Reliability/Durability


Price/Value


General Comments

[Comments] It hits its mark.

However, I do wish Duncan gave us P-90 heads more to choose from than

just the two special designs and the one vintage clone.

Also, take note that it only ships with "soap bar" mounting. Gibson

used two different methods of mounting this type of pickup. One was

the "soapbar," where the pickup sat in a cavity just its size, held in

place by two screws through the middle, and the "dog ear" method, with

a mounting bracket that was held in place by two screws, one at each

end of the bracket (kind of like the bracket a humbucker sits in).

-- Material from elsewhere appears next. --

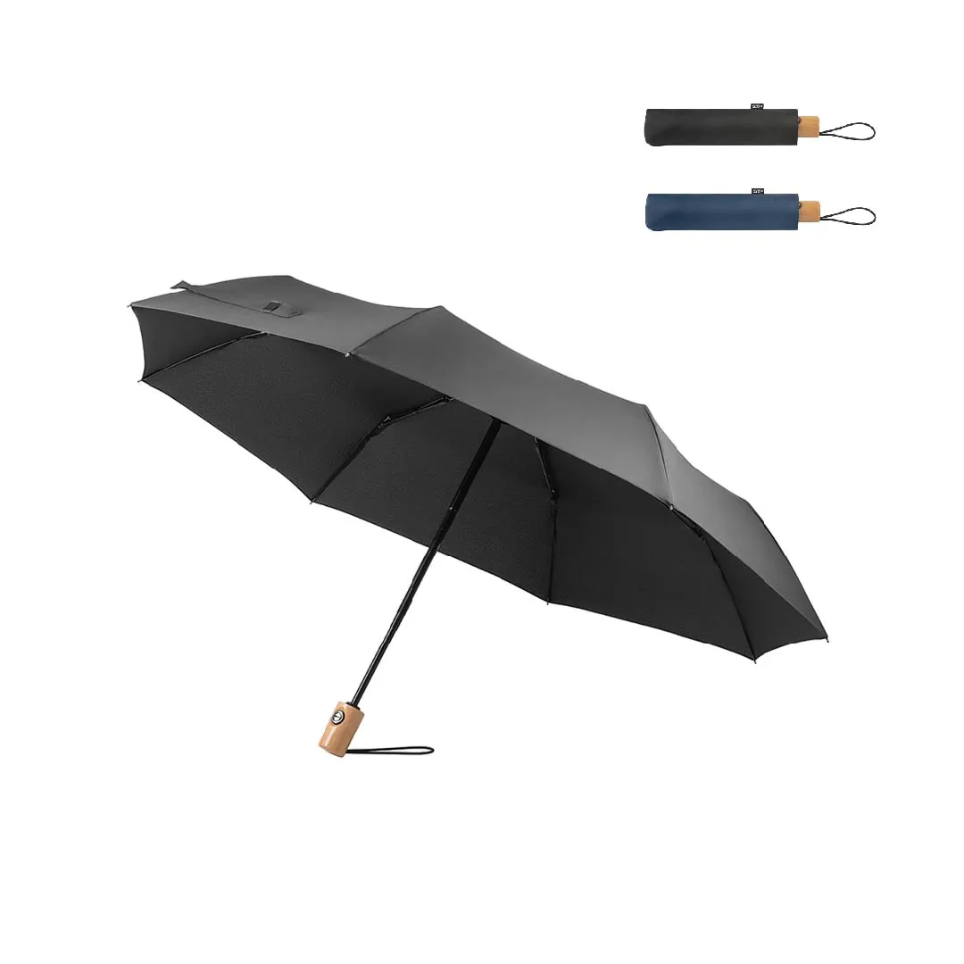 Paraguas con tela impermeable 100% confeccionada con rPET (plástico reciclado), con varillas de fibra de vidrio y mango de madera con elástico para colgar. Se pliega en 3 secciones y es resistente al viento. Cuenta con apertura y cierre automático. Trae funda a color con etiqueta "rPet".

This last method uses a rectangular cover with triangular "ears" at

each end; the "soap bar" uses a rectangular cover that fits over just

the pickup.

If your guitar uses the "dog ear" method, you will likely have to

disassemble the pickup from its bottom plate and reassemble it on the

"dog ear" bracket. At this point, the nice Seymour Duncan wax potting

process that keeps your high-gain rig from squealing gets somewhat

compromised. I chose to send the whole assembly back to the Duncan

Custom Shop for re- potting, a $10 process. If squealing is not a

problem, don't bother re-potting it.

So unless your guitar is one of the Les Pauls or SG's or non-reverse

Firebirds that used the "soap bar" style (any of the archtops, for

instance), you have more than the usual drop in and solder

installation to contend with.

 

It's the best that I've found, but I'm always open to further

developments. I've deliberately limited myself to the P-90 form

factor so as to have fewer distractions when it comes to customization

options. They are the coolest looking pickups, I think.

 

Addendum from Erik: 01/26/95

 

Hey, Tim, I just got back from the NAMM show, where (among other things) I

spoke with Evan at Seymour Duncan regarding their P-90 replacements.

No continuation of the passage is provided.